Some contracts may require a non-breaching party to notify the breaching party of an alleged breach within a certain period of time after becoming aware of the breach. The intent of this requirement is to help the parties timely identify actual or potential disputes, with a view to amicable resolution.

Material breach

Some contracts permit termination only in the case of a material breach. Just what constitutes such a will often be open to dispute. The Restatement (Second) of the Law of Contracts offers suggestions about circumstances that can be “significant” in assessing materiality. In some situations, there may be little practical benefit to being able to "terminate" an agreement, even for material breach.

Termination = cancellation?

Under UCC § 2-106, termination for breach of a contract for the sale of goods is called a “cancellation.”

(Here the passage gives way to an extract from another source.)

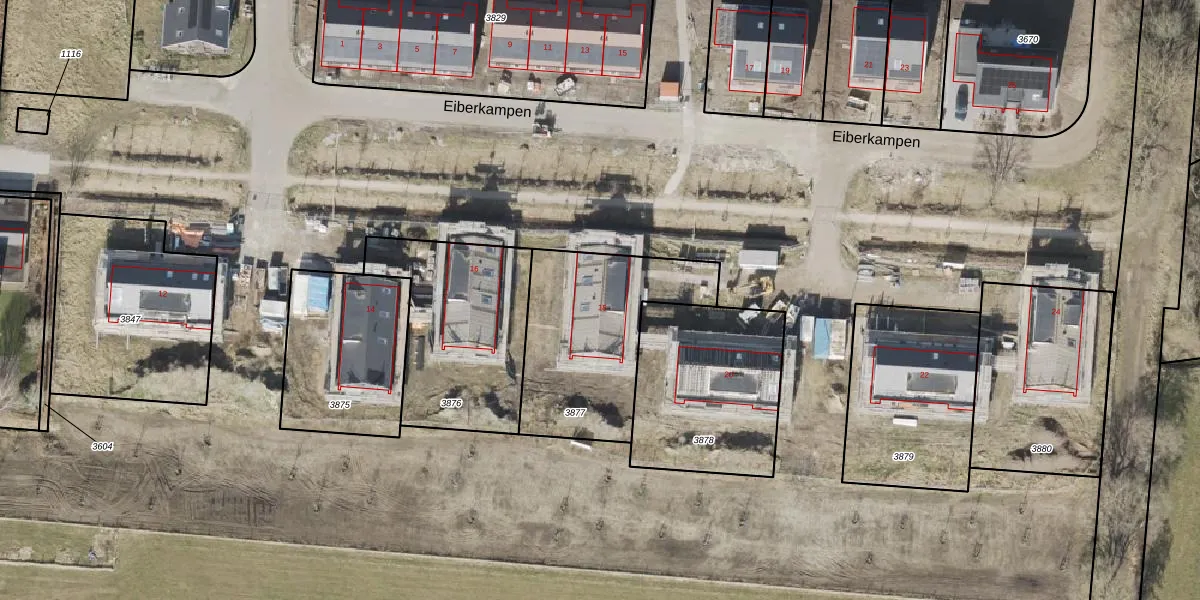 Het perceel waarop Eiberkampen 18 staat heeft een oppervlakte van 676 m². Dit is een groot perceel. De perceeloppervlakte wordt geregistreerd door het Kadaster. Gedetailleerde informatie over de maten van dit perceel kunt u vinden in het rapport Kadastrale kaart met maatvoering van Eiberkampen 18.

Cross-default termination of other transactions

UCC § 2-612(3) addresses what amounts to cross-defaults in the limited case of installment contracts

Suspension of performance for material breach

The FindLaw legal dictionary notes that “Under the Restatement (Second) of Contracts, a material breach gives rise to the right to suspend performance but not to cancel the contract until there is a total breach.” Under UCC § 2-609, either party to a contract for sale of goods has certain rights to suspend its performance (if commercially reasonable) if the party has reasonable grounds for insecurity about the other party’s performance and it makes a written demand for adequate assurance of due performance. In addition, under UCC § 703(2), a provider of goods has certain rights to suspend performance if the buyer is in breach.